> **PROBLEM DETAILS**:
From the first line of the material through the line that holds "Questo modello è", repeat each line exactly and skip any picture.

*** DATASET CONTENT ***

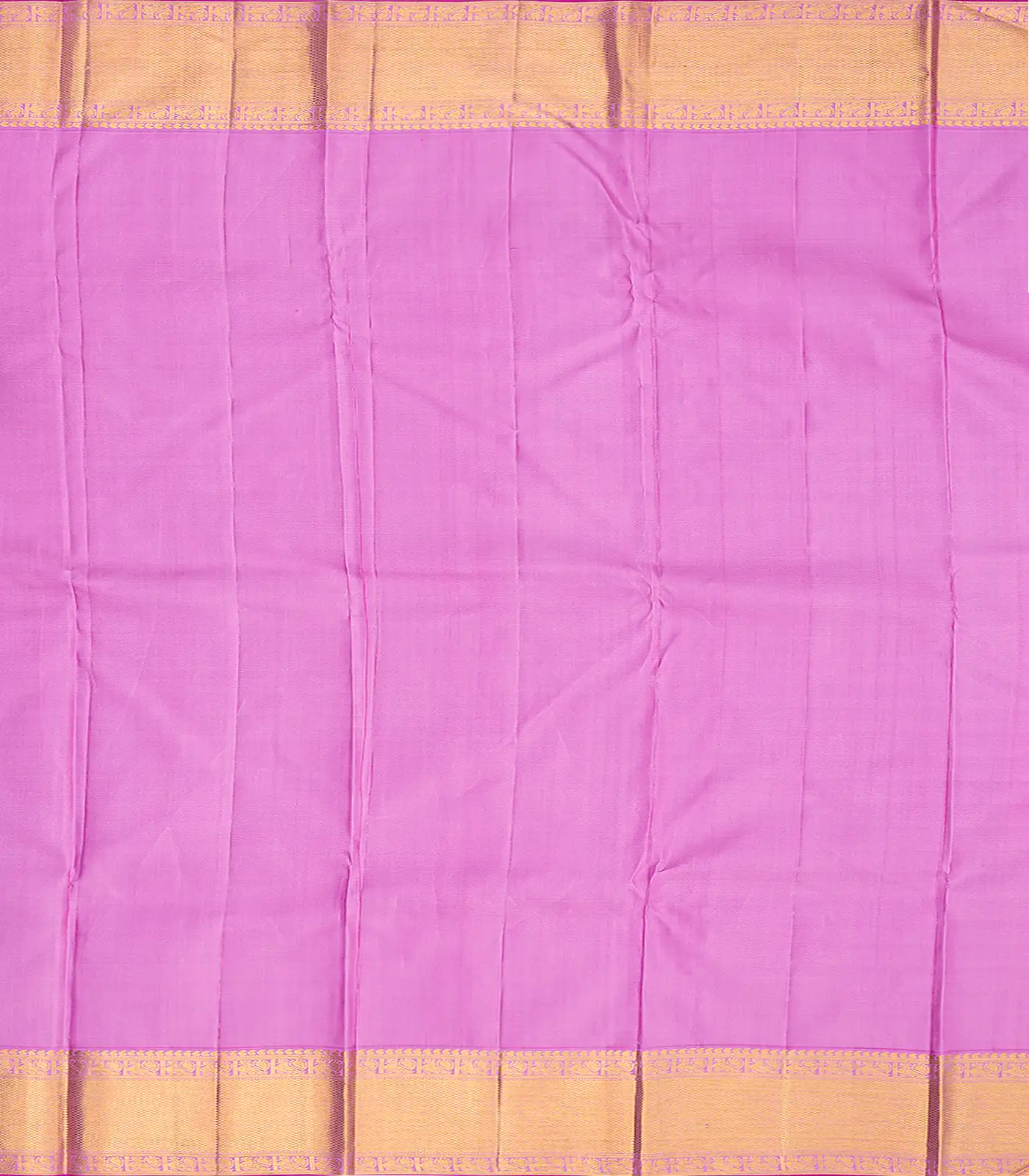 This handwoven kanchipuram korvai silk saree is filled with zari stripes in aquamarine body along with annam motifs in pink border and pallu
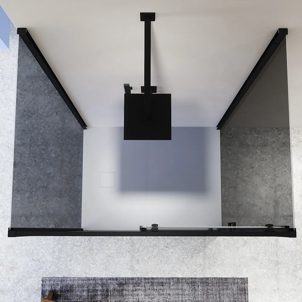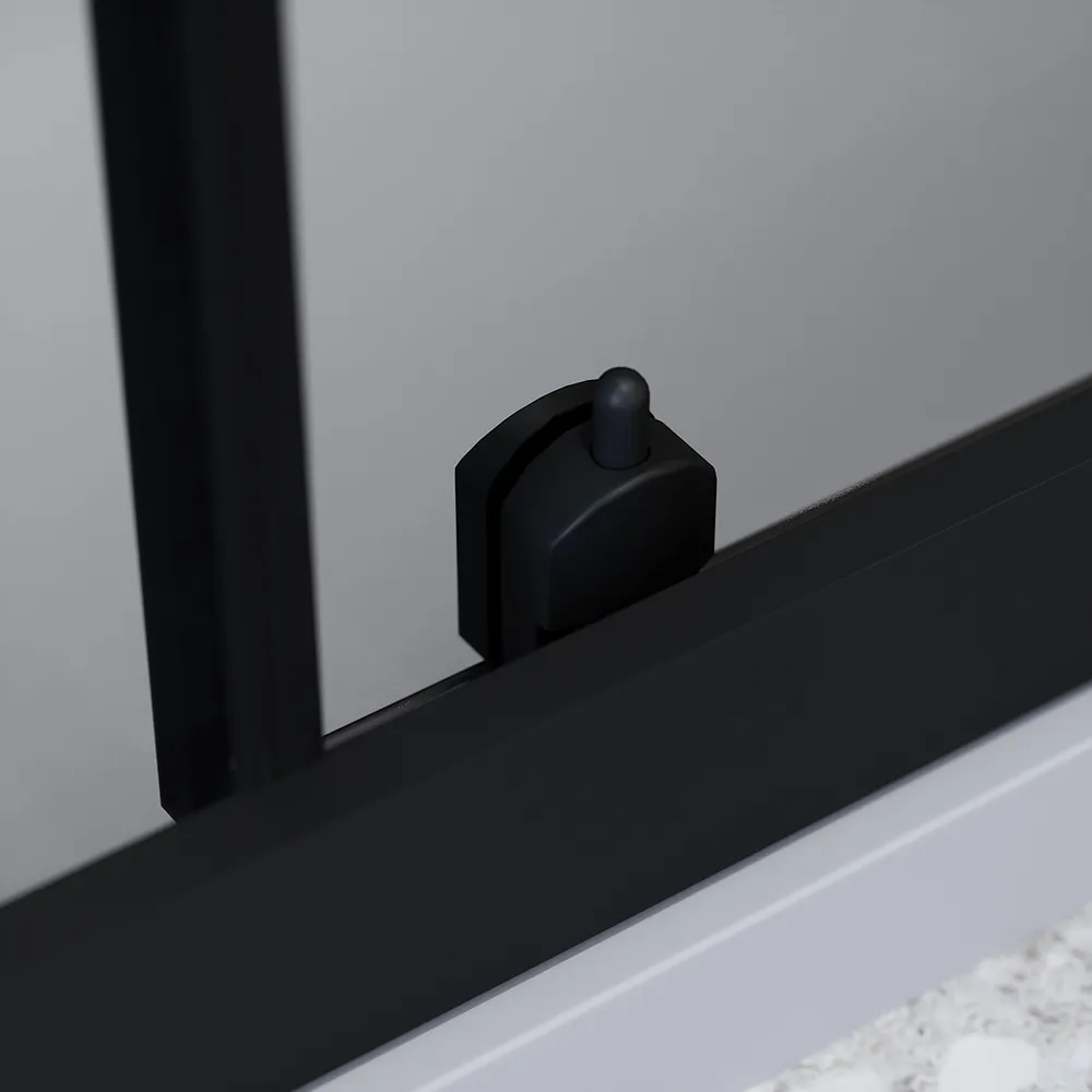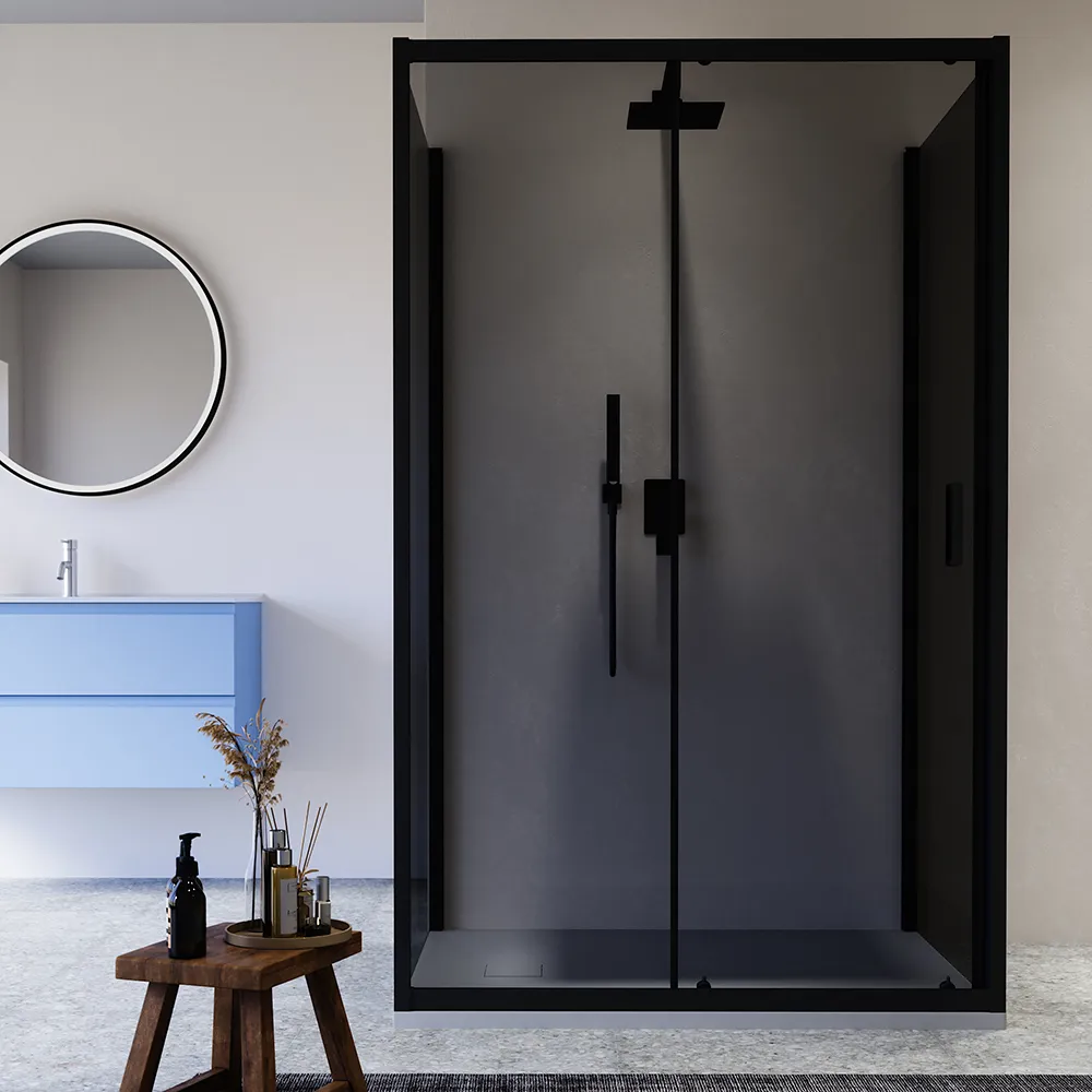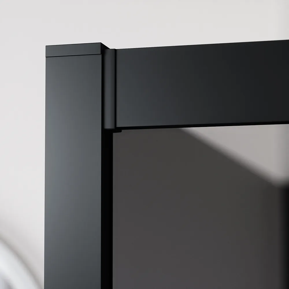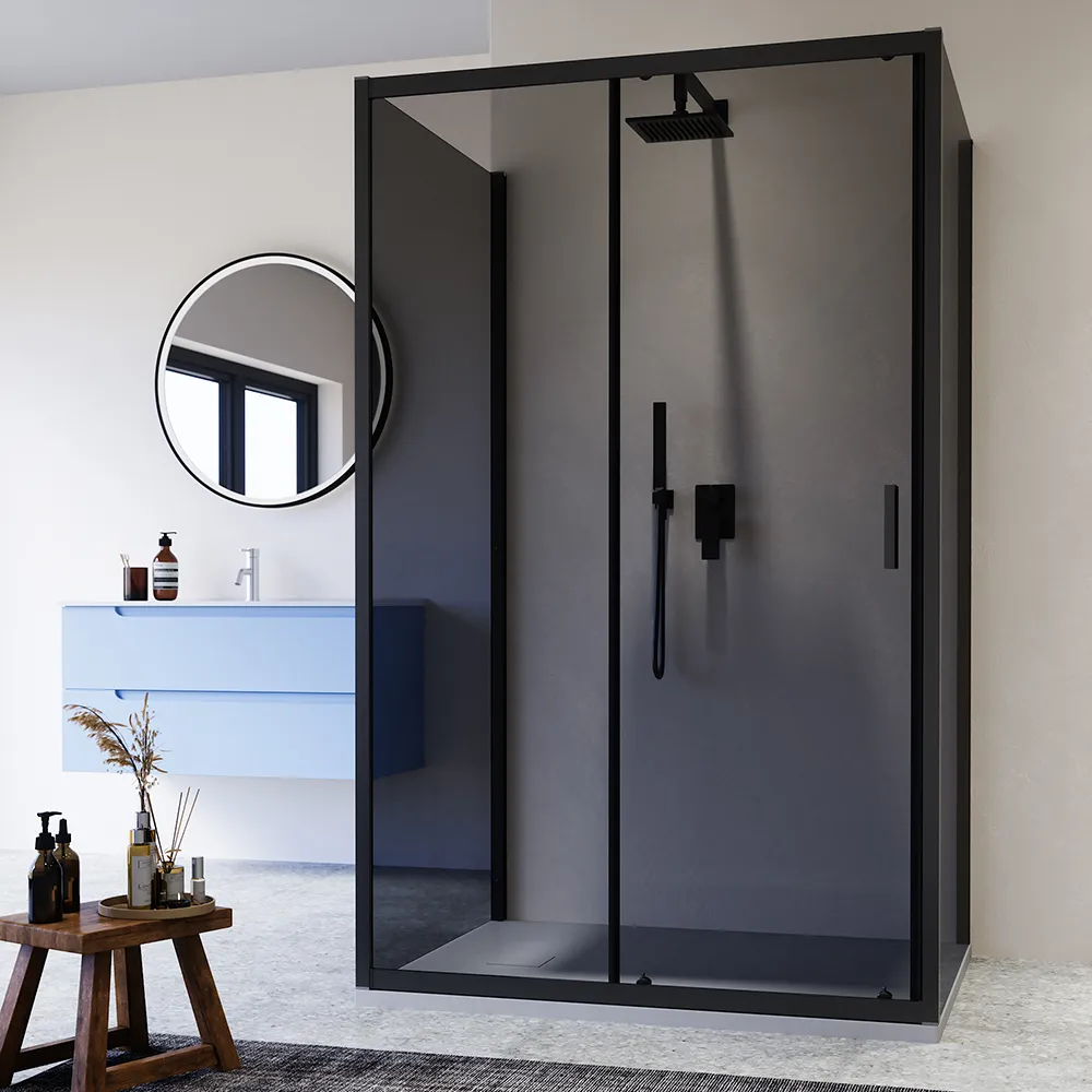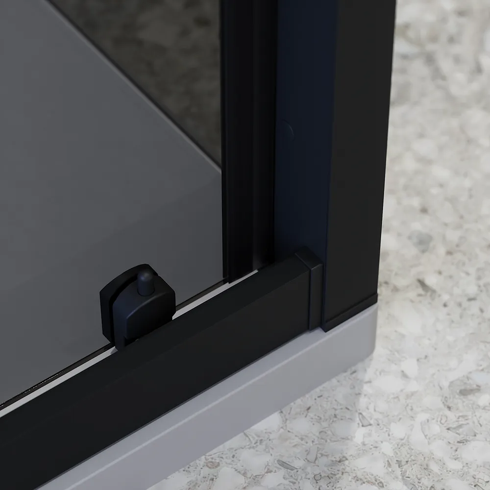 Questo modello è realizzato in vetro temperato fumè di 6 mm, certificato EN12150-1, e arricchito da profili squadrati in alluminio nero opaco, che garantiscono sicurezza, resistenza e una facile manutenzione.
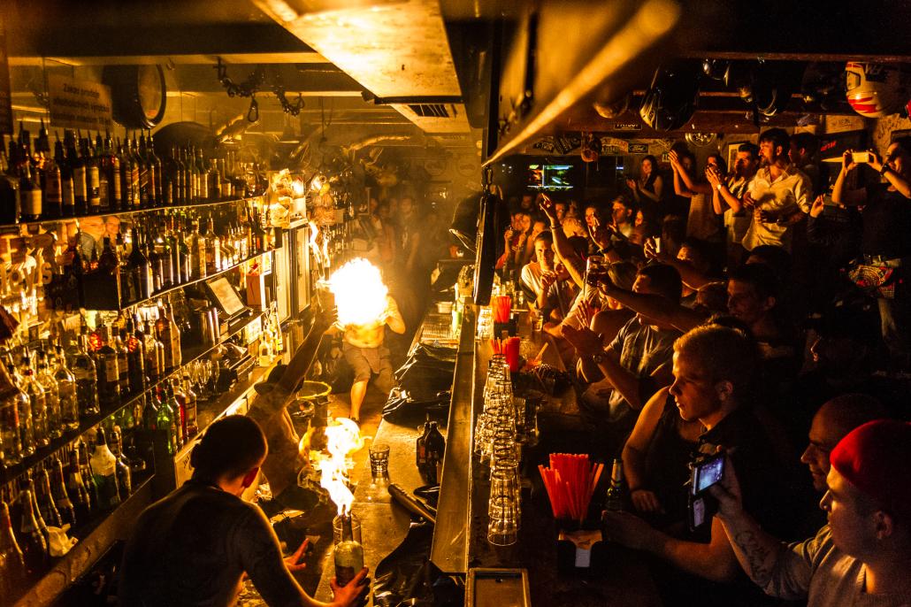Harly’s has no shortage of visitors. But it honestly does not matter what time you arrive. You will not want to sit down anyway. You will have an assault on your senses during the evening. And not only with great music and other visitors (there’s a lot to see), but also thanks to the bartenders who do not like to bore their customers and therefore regularly organize spectacular fire shows. And it does not stop there. If the ladies take a liking to the bartender, he might just put Jack in your mouth from a bottle right on the bar. And do not worry, gentlemen, it is not just for the fairer sex. Harly’s has its fair share of feisty female bartenders.
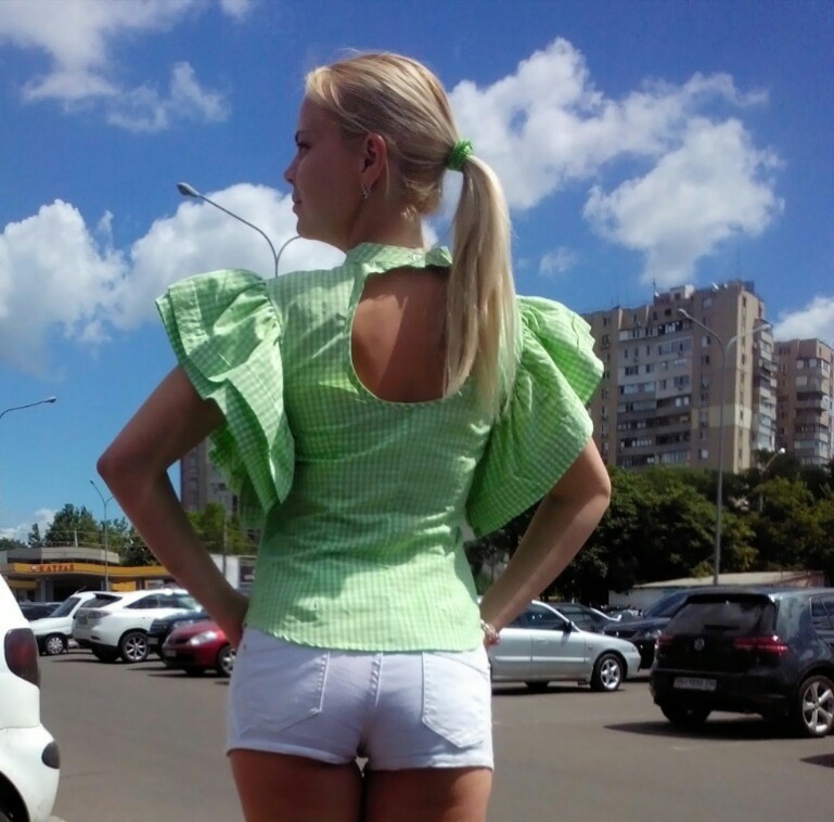 только не с шортами, сразу нарушаются все пропорции, ну и как-то не для шорт блузка. Юбка карандаш, брючки, каблук. Ниже хорошо написано.

*** End of DATASET CONTENT ***

> **SOLUTION FOR THIS TASK**:
 This handwoven kanchipuram korvai silk saree is filled with zari stripes in aquamarine body along with annam motifs in pink border and pallu
 Questo modello è realizzato in vetro temperato fumè di 6 mm, certificato EN12150-1, e arricchito da profili squadrati in alluminio nero opaco, che garantiscono sicurezza, resistenza e una facile manutenzione.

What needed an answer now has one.